§ RECORDS PROVIDED:
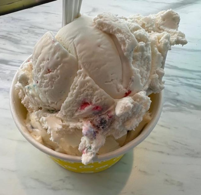 My sundae at Hoffman’s of Cookie Monster and Strawberry Lemonade ice creams
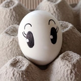 С помощью перманентного маркера нарисуй глаза и брови Дейзи на яйце. Рисовать удобнее когда яйцо стоит на подставке.
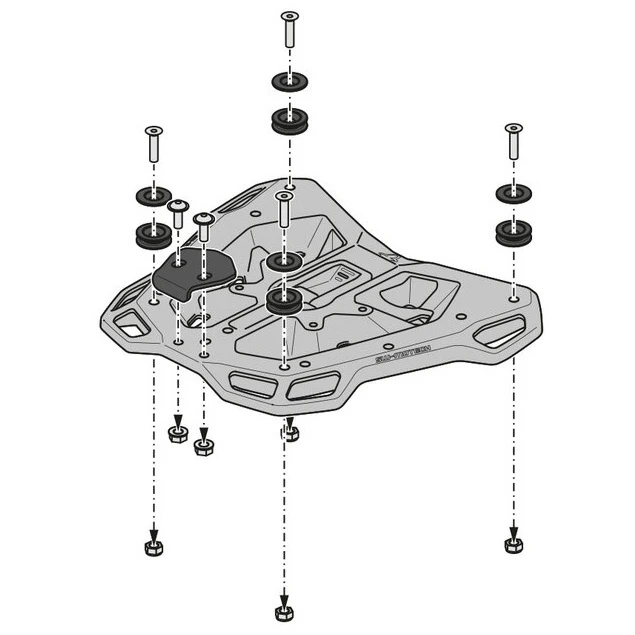 - Twist lock closure of the adapter plate features a safety mechanism that guarantees the secure hold of TRAX topcases, SysBag 15/30 bags with adapter plate and EVO
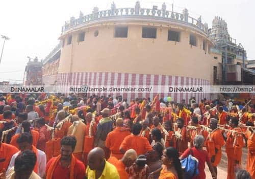 முதல் நாள் தெப்பம்: ஆடிக்கிருத்திகை விழாவில், தமிழகம் உட்பட அண்டை மாநிலங்களில் இருந்து, ஒரு லட்சம் பக்தர்கள் மலர் காவடி, பன்னீர் காவடி, மயில் காவடி மற்றும் அன்னக் காவடிகள் எடுத்தும், பம்பை, சிலம்பாட்டத்துடன் பக்தி பாடல்களை பாடிவாறு மலைக்கோவிலுக்கு சென்று மூலவரை வழிபட்டனர். மொத்தத்தில், நேற்று முன்தினம் இரவு முதல் நேற்று இரவு வரை, ஒன்றரை லட்சம் பக்தர்கள் மூலவரை தரிசித்தனர். அதிகளவில் பக்தர்கள் மலைக்கோவிலில் குவிந்ததால், பொது வழியில் மூலவரை தரிசிக்க, 5 மணி நேரம் நீண்ட வரிசையில் காத்திருந்தனர். திருத்தணி முருகன் கோவிலில், நேற்று இரவு, முதல் நாள் தெப்பத் திருவிழா நடந்தது. மாலை, 6:30 மணிக்கு உற்சவர் பெருமான் வள்ளி, தெய்வானையுடன் மலைப்படிகள் வழியாக சரவணபொய்கைக்கு வருகை தந்தார். தொடர்ந்து அலங்கரிக்கப்பட்ட தெப்பத்தில் எழுந்தருளினார். தெப்பத்தில் உற்சவர் பெருமான் குளத்தை, மூன்று முறை வலம் வந்து பக்தர்களுக்கு அருள்பாலித்தார். திருவிழாவையொட்டி, செய்தி மக்கள் தொடர்பு துறை சார்பில், அரசு பல்துறை பணி விளக்க கண்காட்சி ஆண்டுதோறும் நடந்து வருகிறது.
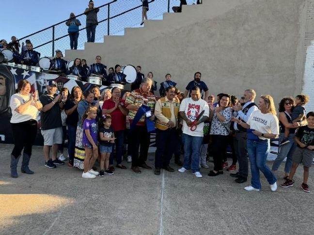 As part of the evening’s festivities, Shawnee Public Schools held a ribbon-cutting ceremony to unveil a new mural honoring Jim Thorpe. The mural, located inside Jim Thorpe Stadium, was created by Native American artist Nicholas Blanchard and serves as a lasting tribute to Thorpe’s athletic achievements and leadership.

§ REQUIRED ACTION: Go from the first line of the data above to the line containing "- Twist lock" and retype exactly those lines, both included, but none of the pictures.

§ EXERCISE RESPONSE:
 My sundae at Hoffman’s of Cookie Monster and Strawberry Lemonade ice creams
 С помощью перманентного маркера нарисуй глаза и брови Дейзи на яйце. Рисовать удобнее когда яйцо стоит на подставке.
 - Twist lock closure of the adapter plate features a safety mechanism that guarantees the secure hold of TRAX topcases, SysBag 15/30 bags with adapter plate and EVO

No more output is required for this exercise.